As U.S.-backed forces made their final push into the city of Raqqa to liberate what had once been the Syrian capital of the Islamic State’s self-declared caliphate, they faced a problem.

Not only were the Syrian Democratic Forces (SDF) holding IS fighters — some captured and some who had surrendered — they were also encountering many Syrians who, for various reasons, had collaborated with or worked for the terror group.

In the end, against their initial instincts, the U.S.-backed forces let many of them go.

“[The SDF] was pressured and convinced by the civil council, the civil leadership, in that part of Syria, who listened to the tribal leaders,” said Major General James Jarrard, commander of the special operations joint task force for Operation Inherent Resolve.

Just how many IS followers or collaborators from the areas in and around Raqqa were ultimately freed is unclear — officials with Operation Inherent Resolve have not been able to provide any numbers.

As worrisome as the prospect of their release might sound, coalition officials are not concerned, assuring anyone who asks that the local IS fighters and supporters are not likely to cause trouble.

“A lot of those that were captured that were local Syrians have been turned over to their tribal leadership,” according to Jarrard, who briefed reporters last week. “The SDF leadership feels comfortable that the tribal leadership and the tribal code in northeast Syria will make sure that they maintain control of those individuals.”

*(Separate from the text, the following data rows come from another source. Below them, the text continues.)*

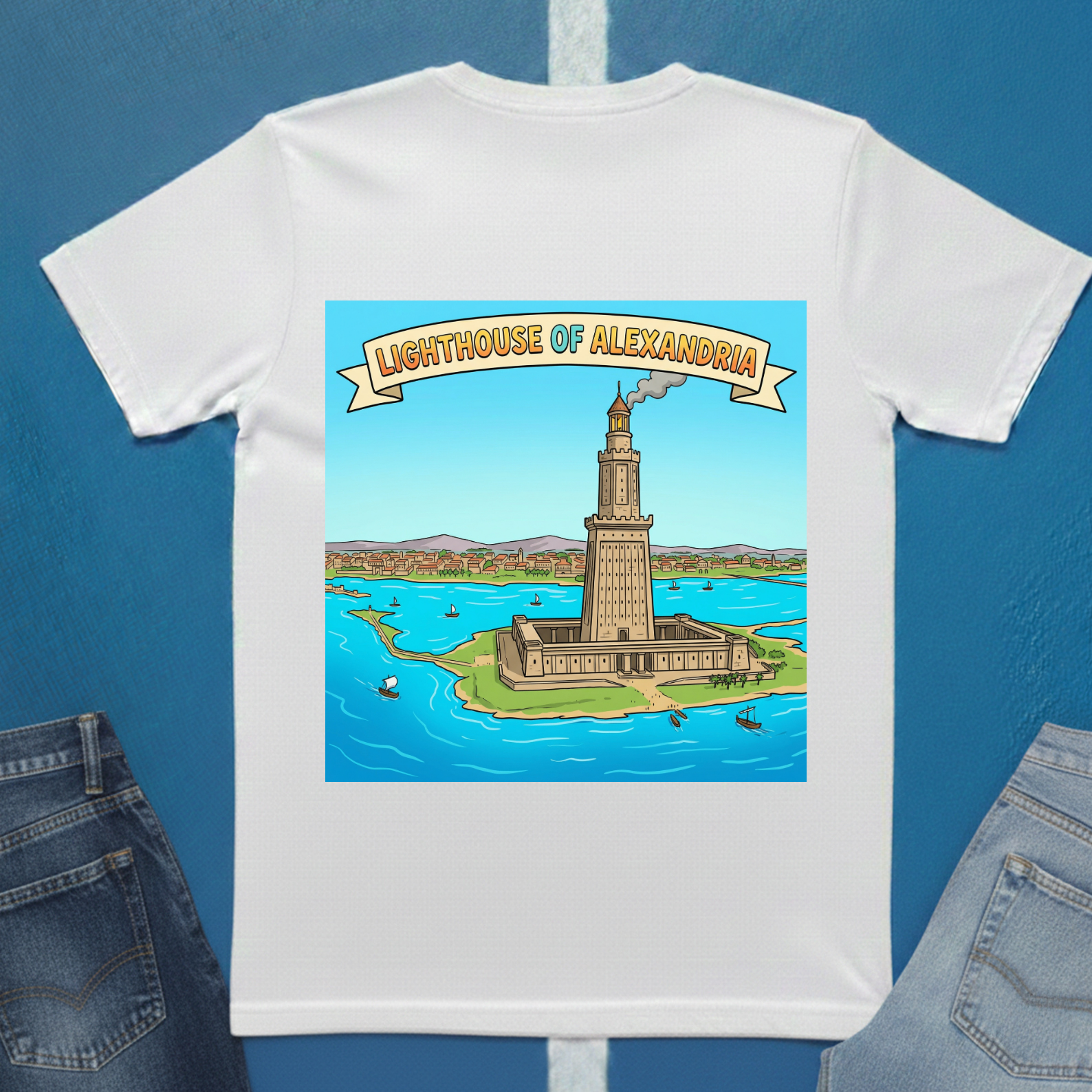 Celebrate one of the legendary Seven Wonders of the Ancient World with this Lighthouse of Alexandria T-Shirt featuring a striking back print inspired by the historic Lighthouse of Alexandria. Perfect for history lovers, mythology enthusiasts, and admirers of ancient architectural marvels.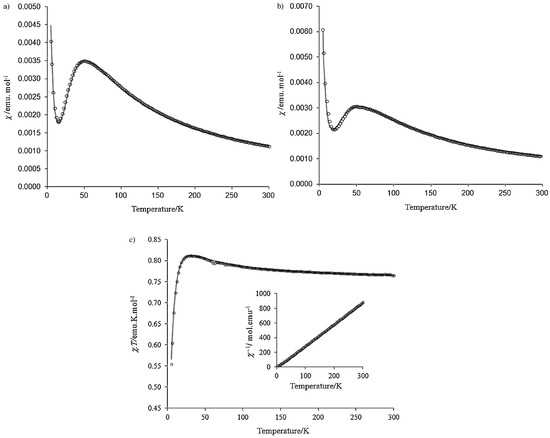 The molar susceptibility (χ) for the radicals 105 and 106 increased gradually upon cooling from 300 K and reached a broad maximum at Tmax = (50 ± 2) and (50 ± 4) K, respectively, which indicated strong antiferromagnetic interactions (Figure 6a,b). Further, χ decreased gradually down to 15 K for 105 and to 20 K for 106 before it increased subsequently at lower temperatures. The uncoupled radicals at defect sites in the lattice were thought to be responsible for this increase in χ at low temperatures. On the other hand, 107 displayed different a magnetic behavior as it followed Curie-Weiss behavior between 5 and 300 K with C = 0.338 emu·K·mol−1 close to the value expected for S = 1/2 spin (Figure 6c). The positive Weiss constant of 1.83 K indicated the presence of local FM interactions between the radicals. Upon lowering the temperature from 300 K, χT increased and attained a maximum at Tmax = (30 ± 4) K. Below this temperature, χT fell sharply, suggesting the presence of AFM interactions at low temperatures.
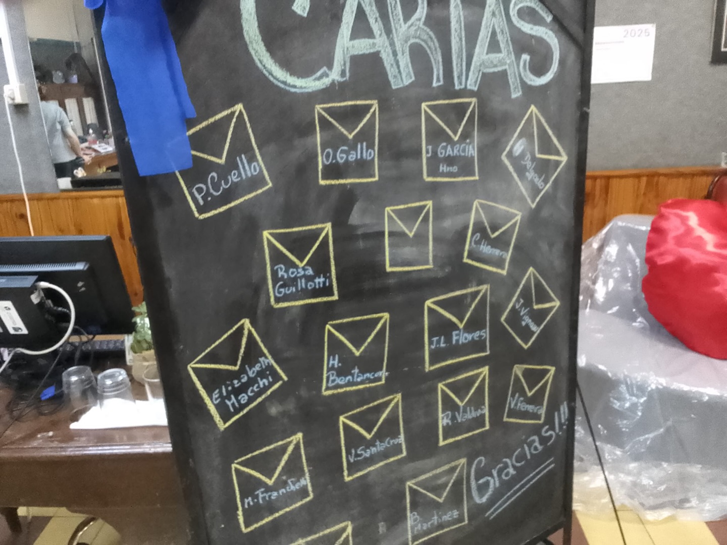 2. En el Pizarrón los nombres de los carteros que trabajaron en el pueblo y en los últimos tiempos la tercerización del servicio.

Tracking IS fighters, collaborators

But perhaps more critically, other protections have been put in place.

“What we did do with the SDF, is we did take all of those members and we enrolled them biometricaly, so that we are able to track them into the future,” Jarrard said.

The collection of biometric information from those who fought for or worked with Islamic State in Raqqa is just a small part of a much wider effort encompassing other areas once under the terror group’s control.

The goal is to make sure those affiliated with IS are not able to go undetected and find ways to unleash terror and havoc, whether in Iraq and Syria or the West.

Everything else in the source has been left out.